What is harmful behaviour at 15-17 years?
Harmful sexual behaviour in young people aged 15-17 years might include:
- masturbating so much that it interferes with other activities, masturbating in ways that injure their genitals, or masturbating in public
- sharing or threatening to share sexual images without consent
- taking sexual images or videos of others without consent
- watching pornography so often that it interferes with daily functioning, or watching violent, aggressive or illegal sexual content
- using sexual language to intimidate, frighten or humiliate others
- engaging in sexual behaviour that puts their safety at risk – for example, having sex when affected by alcohol or other drugs
- engaging in sexual activity that involves clear power differences – for example, exchanging sex for popularity, safety, money or goods
- engaging in dangerous or life-threatening sexual behaviour, like strangulation.

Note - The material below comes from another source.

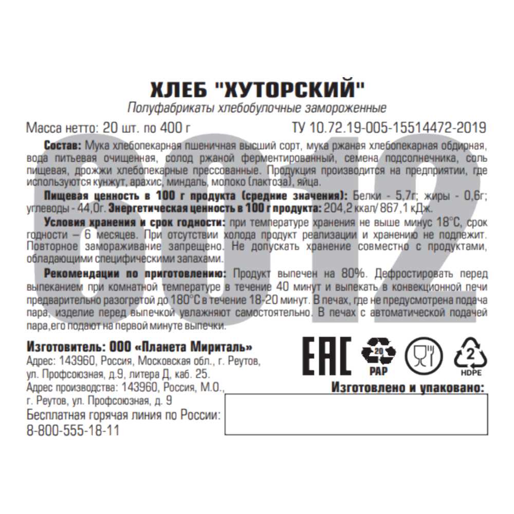 Ароматный «Хуторской» хлеб — настоящая находка для ценителей домашнего вкуса! Сочный мякиш, хрустящая корочка и неповторимый аромат свежевыпеченного хлеба с нотками ржаного солода и нежных семечек подсолнечника покорит ваше сердце с первого кусочка.

Why does harmful behaviour happen at 15-17 years?
Teenagers aged 15-17 years might behave in sexually harmful ways for many reasons. For example, it might happen because they’re:
- being coerced
- experiencing trauma, violence or other forms of abuse, including child sexual abuse
- repeating things they’ve seen in pornography or adult sexual activity without understanding the effects on others.
Some neurodivergent teenagers or those who have learning difficulties and disorders or difficulties with impulse control, social skills or rules can also be more vulnerable to engaging in harmful sexual behaviour.

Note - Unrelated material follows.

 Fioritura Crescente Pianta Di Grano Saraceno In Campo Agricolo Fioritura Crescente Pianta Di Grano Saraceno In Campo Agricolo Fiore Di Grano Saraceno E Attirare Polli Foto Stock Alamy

At this age, some sexual behaviour can have legal consequences. This includes behaviour that is coercive, non-consensual or involves a younger child, or that includes sharing sexual images without consent.
Where parents can get help for harmful behaviour in young people aged 15-17 years
If you’ve noticed your child engaging in harmful sexual behaviour or you’re worried that they are, seek support and professional help.
A GP is a good place to start. The GP can refer you to an experienced health professional who can help you understand what’s happening and how you can help your child.